【Leetcode】719. Find K-th Smallest Pair Distance

Subject address:

https://leetcode.com/problems/find-k-th-smallest-pair-distance/

Given a length nnArray of$n$$A$ , given two unequal subscripts$i$ and$j$ , we can always calculate the number pair difference$|A[i]-A[j]|$ . Given a positive integer$k$ , askkkWhat is the difference of such a number with small$k$ ? The order of the subscripts is different, it is also regarded as the same number pair.

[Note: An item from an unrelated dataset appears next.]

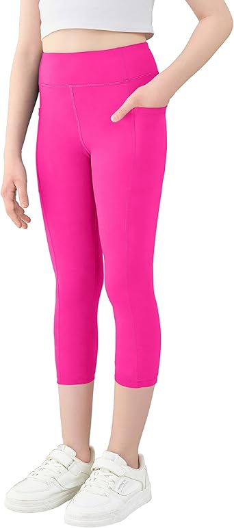 Girls Athletic Capri Leggings, Kids Yoga Pants with Pockets, Teen Girls Stretch Dance Running Workout Pants

The idea is a dichotomous answer. If AAThe maximum value of$A$ is$M$ , the minimum value is$m$ , the biggest difference is obviously$M-m$ , the minimum difference is$0$ . We can divide the answer into two divisions, each time a number$x$ , just look at how many pairs of numbers are less than or equal to it, if it is greater than or equal to$k$ , then the final answer is not greater than$x$ , then shrink the right margin to$x$ ; otherwise, the final answer is greater than$x$ , then shrink the left margin to$x+1$ . Calculation ratioxxThe number of$x$ less than or equal to the number of differences can be done with sort + double pointer. After sorting the array, open two pointers$i$ and$j$ keep$i>j$ (because the number pair cannot be repeated), if the number pair difference is greater than$x$ , then move the left pointer to the right until the logarithmic difference is less than or equal to or$j=i$ until$i$ , and then accumulate$i-j$ (here$i-j$ Ze以$A\left[i\right]$ is the larger value and the logarithmic difference is less than or equal toxxThe number of pairs of$x$ ). Note that there is no need to roll back the left pointer. The reason is that rollback will only result in a larger number-to-pair difference and no answer. code show as below:

import java.util.Arrays;

public class Solution {
    
    
    public int smallestDistancePair(int[] nums, int k) {
    
    
        if (nums == null || nums.length == 0) {
    
    
            return 0;
        }
        
        Arrays.sort(nums);
        
        int l = 0, r = nums[nums.length - 1] - nums[0];
        while (l < r) {
    
    
            int m = l + (r - l >> 1);
            // 计算一下小于等于m的数对差的个数
            int count = 0;
            for (int i = 0, j = 0; i < nums.length; i++) {
    
    
                while (j < i && nums[i] - nums[j] > m) {
    
    
                    j++;
                }
                
                count += i - j;
            }
            
            // 如果小于等于m的数对差的个数大于等于k，则收缩右边界，否则收缩左边界
            if (count >= k) {
    
    
                r = m;
            } else {
    
    
                l = m + 1;
            }
        }
        
        return l;
    }
}

Time complexity $O(n(\log (M-m)+n))$，$M$ is the maximum value of the array,$m$ is the minimum value of the array, space$O\left(1\right)$。